On Tue, 2017-04-04 at 23:03 +1000, Michael Ellerman wrote:
> 
> >  14 files changed, 2186 insertions(+), 12 deletions(-)
> 
> I'm not going to review this in one go, given it's 10:30pm already.

Well, good, I was about to send (well tomorrow morning actually) v2
hoping it was going to be final since nobody else hard reviewed it :-)

> +extern void __iomem *xive_tm_area;
> 
> I think Paul already commented on "tm" being an overly used acronym.

He asked me to spell it out in a comment which I did in v2. I haven't
changed the name of the variable though which percolates through the
KVM bits etc... I could rename it (painfully) to use "tma" instead
(Thread Management Area).

> > +extern u32 xive_tm_offset;
> > +
> > +/*
> > + * Per-irq data (irq_get_handler_data for normal IRQs), IPIs
> > + * have it stored in the xive_cpu structure. We also cache
> > + * for normal interrupts the current target CPU.
> > + */
> > +struct xive_irq_data {
> > +	/* Setup by backend */
> > +	u64 flags;
> > +#define XIVE_IRQ_FLAG_STORE_EOI	0x01
> > +#define XIVE_IRQ_FLAG_LSI	0x02
> > +#define XIVE_IRQ_FLAG_SHIFT_BUG	0x04
> > +#define XIVE_IRQ_FLAG_MASK_FW	0x08
> > +#define XIVE_IRQ_FLAG_EOI_FW	0x10
> 
> I don't love that style, prefer them just prior to the struct.

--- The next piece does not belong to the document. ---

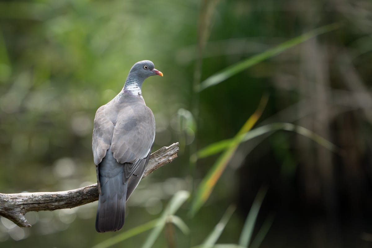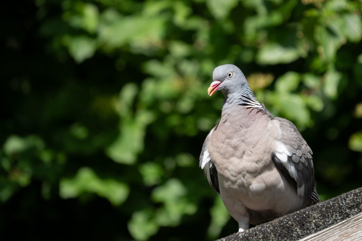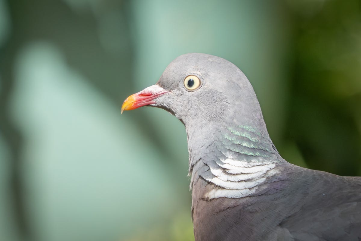 The Wood Pigeon is not just the largest of all our pigeon species, it is much rounder than the rest, too. Their beaks start out greyish and weirdly bulbous as chicks, but turn candy yellow and red as they mature. Their eyes also change as they become adults, from dark grey to yellow with a black pupil that has a characteristic ‘smudge’ at the bottom.

I much prefer having the definitions next to the variable they apply
to but if you feel strongly about it, I will move them.
 
> > +	u64 eoi_page;
> > +	void __iomem *eoi_mmio;
> > +	u64 trig_page;
> > +	void __iomem *trig_mmio;
> > +	u32 esb_shift;
> > +	int src_chip;
> 
> Why not space out the members like you do in xive_q below, I think
> that looks better given you have the long __iomem lines.

Ok.

> > +
> > +	/* Setup/used by frontend */
> > +	int target;
> > +	bool saved_p;
> > +};
> > +#define XIVE_INVALID_CHIP_ID	-1
> > +
> > +/* A queue tracking structure in a CPU */
> > +struct xive_q {
> > +	__be32 			*qpage;
> > +	u32			msk;
> > +	u32			idx;
> > +	u32			toggle;
> > +	u64			eoi_phys;
> > +	void __iomem		*eoi_mmio;
> > +	u32			esc_irq;
> > +	atomic_t		count;
> > +	atomic_t		pending_count;
> > +};
> > +
> > +/*
> > + * "magic" ESB MMIO offsets
> 
> What's an ESB?

Well, the problem here is that if I start answering that one along with
a chunk of the rest of your questions, I basically end up writing a
summary of the XIVE specification in comments, which would probably
take 2 or 3 pages ;-)

I don't know where to start there or rather how far to go. I could
spell out the acronyms but it's not necessarily that useful.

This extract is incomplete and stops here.